Desde las 18:00 hasta la medianoche, tres escenarios en simultáneo ofrecerán propuestas para toda la familia en Plaza San Martín, CAPRA y el Reloj del Cincuentenario. Este sábado 20, la ciudad vivirá una nueva edición de Sendas Culturales, una propuesta pensada para disfrutar en familia y celebrar el encuentro a través del arte, la tradición y la identidad local. La actividad se desarrollará desde las 18:00 hasta las 00:00 horas, con tres escenarios en simultáneo ubicados en Plaza San Martín, CAPRA y el Reloj del Cincuentenario. Durante la tarde y la noche, vecinos y visitantes podrán recorrer los distintos espacios y ser parte de múltiples propuestas culturales. Entre las actividades destacadas, Papá Noel realizará un paseo por los tres escenarios, recibiendo las cartitas de todos los niños y niñas, sumando un clima especial en la antesala de las fiestas. Además, se podrá disfrutar del paseo de las candidatas de la Fiesta Nacional del Chivo y de la Fiesta Nacional de la Vendimia, representando tradiciones profundamente arraigadas en la cultura regional.

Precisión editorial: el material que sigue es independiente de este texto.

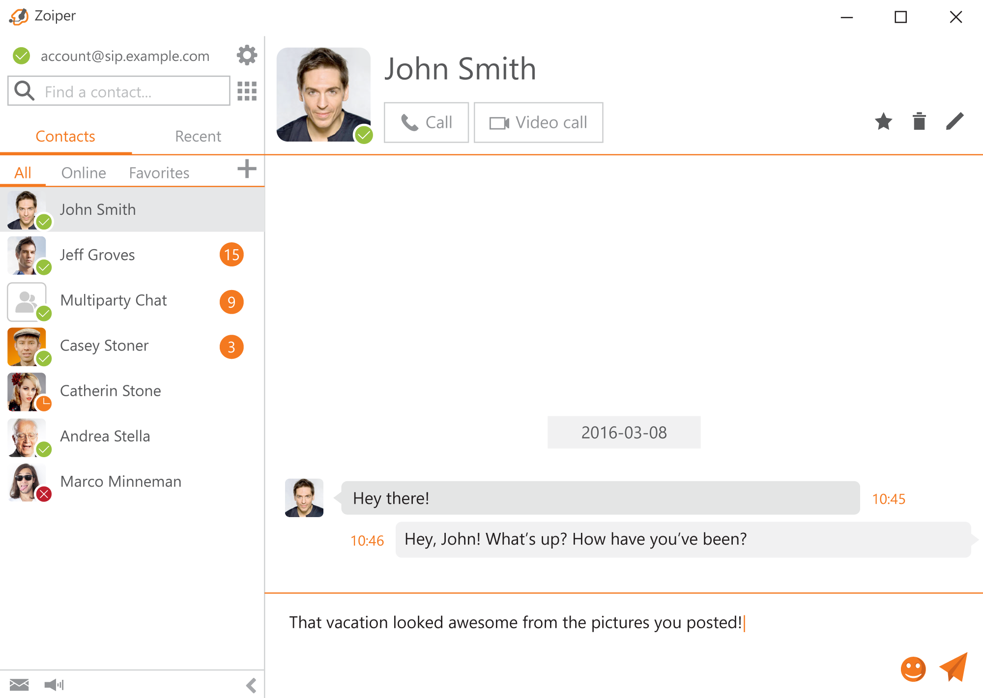 Features, specific for the software client or the operator’s service individually, are now standardized within Zoiper – preconditions, MSRP group chat and file transfer, SMS over IP.

Uno de los momentos más esperados tendrá lugar en el escenario de Plaza San Martín, donde se realizará la proclamación de la Reina del Salitral, un acto que convoca a la comunidad y pone en valor las celebraciones populares. Sendas Culturales invita a compartir otra tarde y noche de cultura, encuentro y celebración, reafirmando el espacio público como punto de reunión y disfrute para todas las edades.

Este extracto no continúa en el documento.